I don't know how to find the antiderivative of the first fraction.

When ##x## is large,
$$\frac{x+1}{3x^2 + \lambda} \approx \frac{1}{3x}$$
and
$$\frac{\lambda}{2x+1} \approx \frac{\lambda}{2x}$$
so
$$\frac{x+1}{3x^2 + \lambda} - \frac{\lambda}{2x+1} \approx \frac{1/3 - \lambda/2}{x}$$
Can you use these approximations to determine what ##\lambda## must be, given the fact that the "tail" of ##1/x## is too "heavy" to be integrated?

A hint was to use Laplace for this . I know your solution makes sense but I don't know how it should be written or if there is another way more formal

Parhs said:
A hint was to use Laplace for this . I know your solution makes sense but I don't know how it should be written or if there is another way more formal
Do you mean Laplace transforms? I'm not sure how they would be useful here, but probably there's some equivalent formulation that uses them.

If you solve for the value of ##\lambda## using the approach I outlined, you can simply replace it back into the original integrand and simplify it. You should be able to easily verify that the result is integrable.

Hm but is this approach correct ? (how can I proof that this is correct ?And put this simpler version within integral ?)
Here is how the book does it
http://i.imgur.com/59IHuKQ.jpg

Parhs said:
I don't know how to find the antiderivative of the first fraction.

Do you know how to perform trigonometric substitution?

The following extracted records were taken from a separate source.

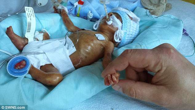 و تحكي الأم أنها تعرضت لآلام شديدة بالظهر في الأسبوع ال 24 من الحمل ، و عند بلوغها إلى المستشفى، وجدوا أنها تمر بمراحل الولادة و على الجنين أن يخرج ، مما فاجأ الجميع ، و لكن حاولت الأم الإبقاء عليه داخل الرحم حتى 16 ساعة في مقاومة لآلام الولادة كي تعطيه أكبر فرصة للنجاة ، و عند ولادته كان جنينا غير مكتمل النمو ، و قد بدا جلده شفافا جدا و مغطى بالشعر الأبيض ، وذكرت الأم أنها تشعر بسعادة غارمة لوجود “ليني” الآن بين أحضانها , فهي ترى أن ما حدث له معجزة قد وهبت له الحياة .
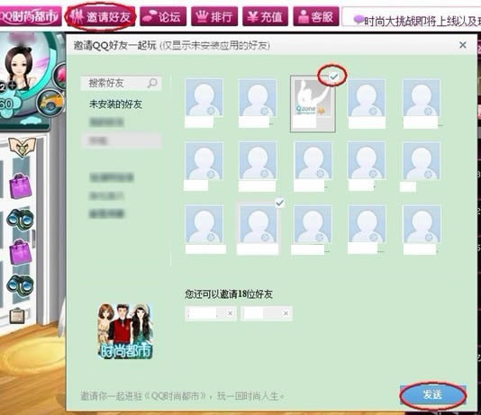 点击游戏界面上方的“邀请好友”按钮,打开好友界面(此界面仅显示未安装游戏应该的好友)。点击好友头像即可进行选择, 点击“发送”即可。
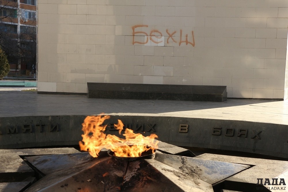 Днем, 3 февраля, надпись на памятнике стерли работники ГКП «Кала Жолдары». Правонарушителя разыскивает полиция.
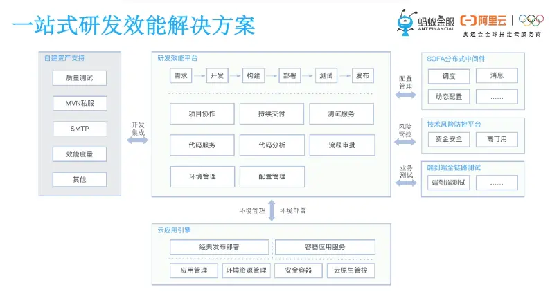 介绍一下蚂蚁一站式研发效能解决方案。下图中间部分属于蚂蚁研发效能平台的范围,提供从需求到发布的整个持续交付的引擎,将整个DevOps的工程能力集成串接在一起,具体能力前面都有提到。大图底部是应用PaaS平台,就是咱们SOFAStack运维管理相关的组件,效能平台通过open API和它交互,打通整个环境管理和环境部署这些功能,也实现了经典发布部署和容器应用服务的双模支持。大图右侧是对蚂蚁智能科技其他产品的集成和支持,通过研发容器统一管理多环境的中间件配置,实现环境的隔离,迭代推进过程中不同环境之间的自动同步和生效。另外我们支持技术风险防控平台以及端到端测试等产品的集成和联动。蚂蚁研发的平台本身具备开放集成能力,所以可以通过自定义组件的方式来对接其他平台的能力以及业务自建的一些资产,比如说质量测试等工具,最终实现一站式的智能研发平台的方案。
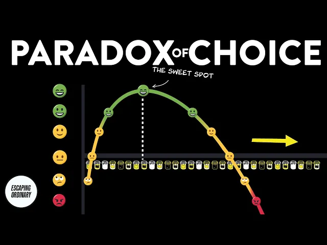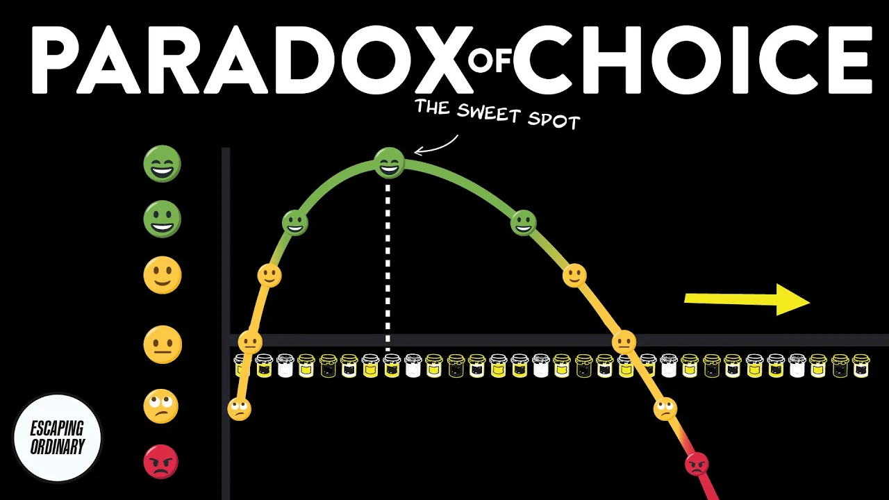 The Paradox of Choice At a supermarket, two experiments were conducted. In the first experiment, 24 different types of jam were available to freely test and buy for a discounted price. In the second experiment, only 6 different types of jam were available to freely test and buy for a discounted price.

Well, I can't read the Greek, and I'm not sure how they are going to solve for ##\lambda## after the last line in the image. Even if it works, the method seems very complicated compared with the straightforward one I suggested.

As I said, to see that my method is correct, first solve for the value of ##\lambda## that will eliminate the problematic ##1/x##: obviously you want ##1/3 - \lambda / 2 = 0##, so ##\lambda = 2/3##.

Then to see that this value of ##\lambda## works, just plug it into the original integrand and simplify it:

$$\frac{x+1}{3x^2 + \lambda} - \frac{\lambda}{2x+1} = \frac{x+1}{3x^2 + 2/3} - \frac{2/3}{2x+1}$$
I'll let you do the algebra, but the key is that the ##x## term in the numerator will vanish, leaving you with an integrand which is asymptotically a multiple of ##1/x^2## as ##x \rightarrow \infty## (and bounded as ##x \rightarrow 0##), hence integrable. No other value of ##\lambda## will do this for you.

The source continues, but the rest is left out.